Exercise instructions:
Give back the whole listing exactly as written, pictures excluded.

Data provided:

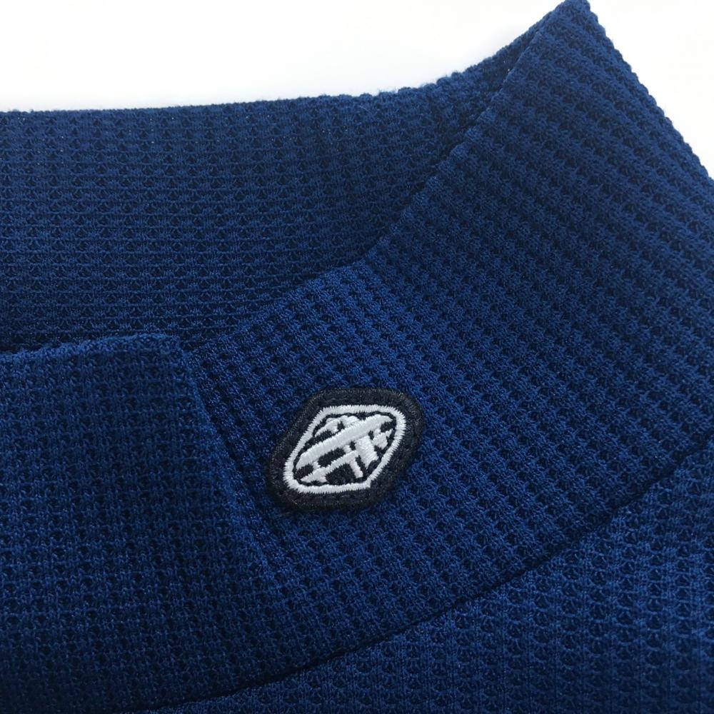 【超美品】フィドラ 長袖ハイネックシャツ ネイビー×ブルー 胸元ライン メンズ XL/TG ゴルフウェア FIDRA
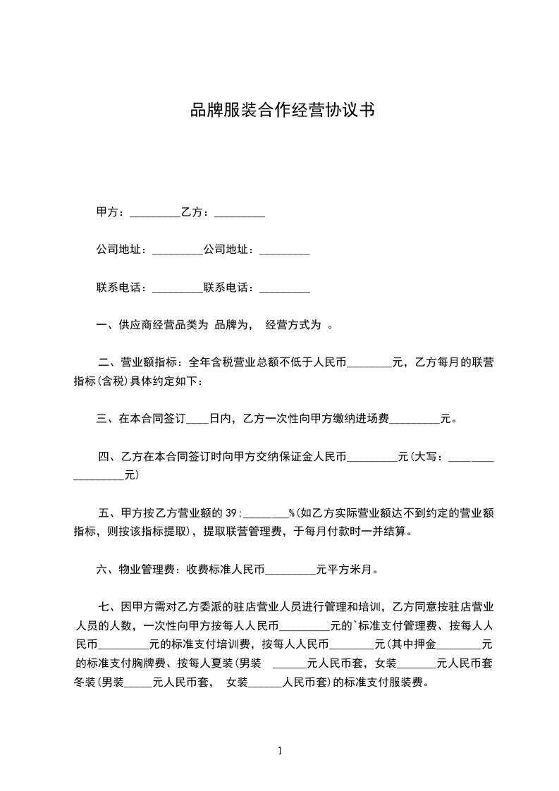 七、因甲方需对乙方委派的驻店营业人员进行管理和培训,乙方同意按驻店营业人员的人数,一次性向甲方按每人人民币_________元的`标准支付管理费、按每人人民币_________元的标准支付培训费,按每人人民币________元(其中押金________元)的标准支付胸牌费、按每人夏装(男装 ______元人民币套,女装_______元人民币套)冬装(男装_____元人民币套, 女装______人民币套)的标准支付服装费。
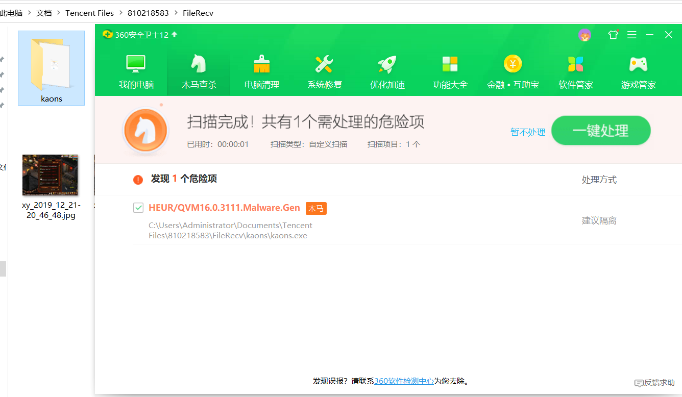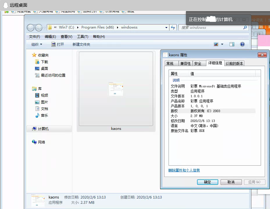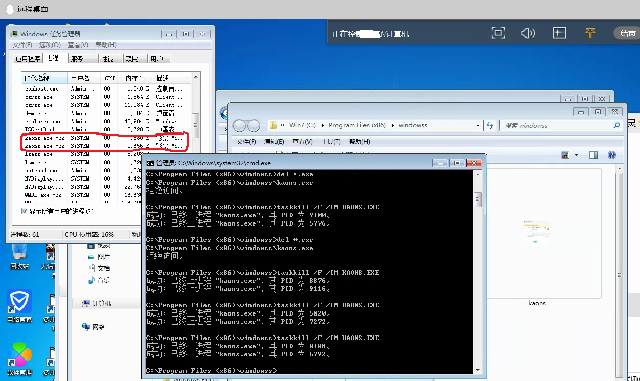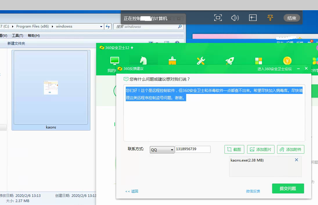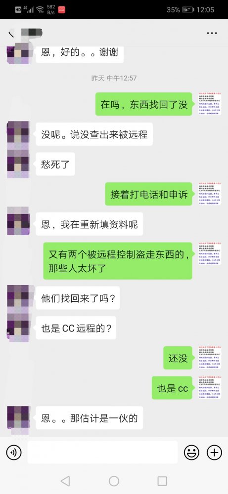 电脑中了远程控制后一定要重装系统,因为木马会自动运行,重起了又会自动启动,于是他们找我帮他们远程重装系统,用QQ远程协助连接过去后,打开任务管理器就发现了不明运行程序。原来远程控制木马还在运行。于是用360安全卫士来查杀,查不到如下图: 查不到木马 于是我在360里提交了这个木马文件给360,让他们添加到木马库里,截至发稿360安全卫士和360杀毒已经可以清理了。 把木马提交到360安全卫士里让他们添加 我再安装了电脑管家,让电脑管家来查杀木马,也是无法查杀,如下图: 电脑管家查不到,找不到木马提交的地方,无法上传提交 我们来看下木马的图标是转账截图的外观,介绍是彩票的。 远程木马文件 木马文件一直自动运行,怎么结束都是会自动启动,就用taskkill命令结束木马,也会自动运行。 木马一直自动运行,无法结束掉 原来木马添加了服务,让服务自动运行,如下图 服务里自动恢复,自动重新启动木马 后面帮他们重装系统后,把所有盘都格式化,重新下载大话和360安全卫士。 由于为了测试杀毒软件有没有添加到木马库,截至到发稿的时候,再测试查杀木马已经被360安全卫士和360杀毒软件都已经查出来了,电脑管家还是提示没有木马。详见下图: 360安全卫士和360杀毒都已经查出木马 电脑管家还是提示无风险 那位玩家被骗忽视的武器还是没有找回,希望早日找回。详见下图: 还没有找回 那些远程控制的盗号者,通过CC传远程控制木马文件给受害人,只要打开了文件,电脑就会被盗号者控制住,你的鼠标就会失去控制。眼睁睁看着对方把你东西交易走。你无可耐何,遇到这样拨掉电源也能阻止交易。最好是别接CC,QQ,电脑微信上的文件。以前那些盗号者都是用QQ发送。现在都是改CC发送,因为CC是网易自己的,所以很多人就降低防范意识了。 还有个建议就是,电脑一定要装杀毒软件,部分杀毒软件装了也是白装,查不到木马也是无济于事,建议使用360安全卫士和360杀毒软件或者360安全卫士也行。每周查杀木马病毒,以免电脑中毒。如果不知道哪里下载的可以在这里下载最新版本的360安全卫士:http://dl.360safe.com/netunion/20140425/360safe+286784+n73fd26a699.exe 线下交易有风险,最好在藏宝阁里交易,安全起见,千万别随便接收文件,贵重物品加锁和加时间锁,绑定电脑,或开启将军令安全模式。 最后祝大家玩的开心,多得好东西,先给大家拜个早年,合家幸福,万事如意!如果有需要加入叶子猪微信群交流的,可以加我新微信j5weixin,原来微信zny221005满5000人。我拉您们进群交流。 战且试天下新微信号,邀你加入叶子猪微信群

Response:
 【超美品】フィドラ 長袖ハイネックシャツ ネイビー×ブルー 胸元ライン メンズ XL/TG ゴルフウェア FIDRA
 七、因甲方需对乙方委派的驻店营业人员进行管理和培训,乙方同意按驻店营业人员的人数,一次性向甲方按每人人民币_________元的`标准支付管理费、按每人人民币_________元的标准支付培训费,按每人人民币________元(其中押金________元)的标准支付胸牌费、按每人夏装(男装 ______元人民币套,女装_______元人民币套)冬装(男装_____元人民币套, 女装______人民币套)的标准支付服装费。
 电脑中了远程控制后一定要重装系统,因为木马会自动运行,重起了又会自动启动,于是他们找我帮他们远程重装系统,用QQ远程协助连接过去后,打开任务管理器就发现了不明运行程序。原来远程控制木马还在运行。于是用360安全卫士来查杀,查不到如下图: 查不到木马 于是我在360里提交了这个木马文件给360,让他们添加到木马库里,截至发稿360安全卫士和360杀毒已经可以清理了。 把木马提交到360安全卫士里让他们添加 我再安装了电脑管家,让电脑管家来查杀木马,也是无法查杀,如下图: 电脑管家查不到,找不到木马提交的地方,无法上传提交 我们来看下木马的图标是转账截图的外观,介绍是彩票的。 远程木马文件 木马文件一直自动运行,怎么结束都是会自动启动,就用taskkill命令结束木马,也会自动运行。 木马一直自动运行,无法结束掉 原来木马添加了服务,让服务自动运行,如下图 服务里自动恢复,自动重新启动木马 后面帮他们重装系统后,把所有盘都格式化,重新下载大话和360安全卫士。 由于为了测试杀毒软件有没有添加到木马库,截至到发稿的时候,再测试查杀木马已经被360安全卫士和360杀毒软件都已经查出来了,电脑管家还是提示没有木马。详见下图: 360安全卫士和360杀毒都已经查出木马 电脑管家还是提示无风险 那位玩家被骗忽视的武器还是没有找回,希望早日找回。详见下图: 还没有找回 那些远程控制的盗号者,通过CC传远程控制木马文件给受害人,只要打开了文件,电脑就会被盗号者控制住,你的鼠标就会失去控制。眼睁睁看着对方把你东西交易走。你无可耐何,遇到这样拨掉电源也能阻止交易。最好是别接CC,QQ,电脑微信上的文件。以前那些盗号者都是用QQ发送。现在都是改CC发送,因为CC是网易自己的,所以很多人就降低防范意识了。 还有个建议就是,电脑一定要装杀毒软件,部分杀毒软件装了也是白装,查不到木马也是无济于事,建议使用360安全卫士和360杀毒软件或者360安全卫士也行。每周查杀木马病毒,以免电脑中毒。如果不知道哪里下载的可以在这里下载最新版本的360安全卫士:http://dl.360safe.com/netunion/20140425/360safe+286784+n73fd26a699.exe 线下交易有风险,最好在藏宝阁里交易,安全起见,千万别随便接收文件,贵重物品加锁和加时间锁,绑定电脑,或开启将军令安全模式。 最后祝大家玩的开心,多得好东西,先给大家拜个早年,合家幸福,万事如意!如果有需要加入叶子猪微信群交流的,可以加我新微信j5weixin,原来微信zny221005满5000人。我拉您们进群交流。 战且试天下新微信号,邀你加入叶子猪微信群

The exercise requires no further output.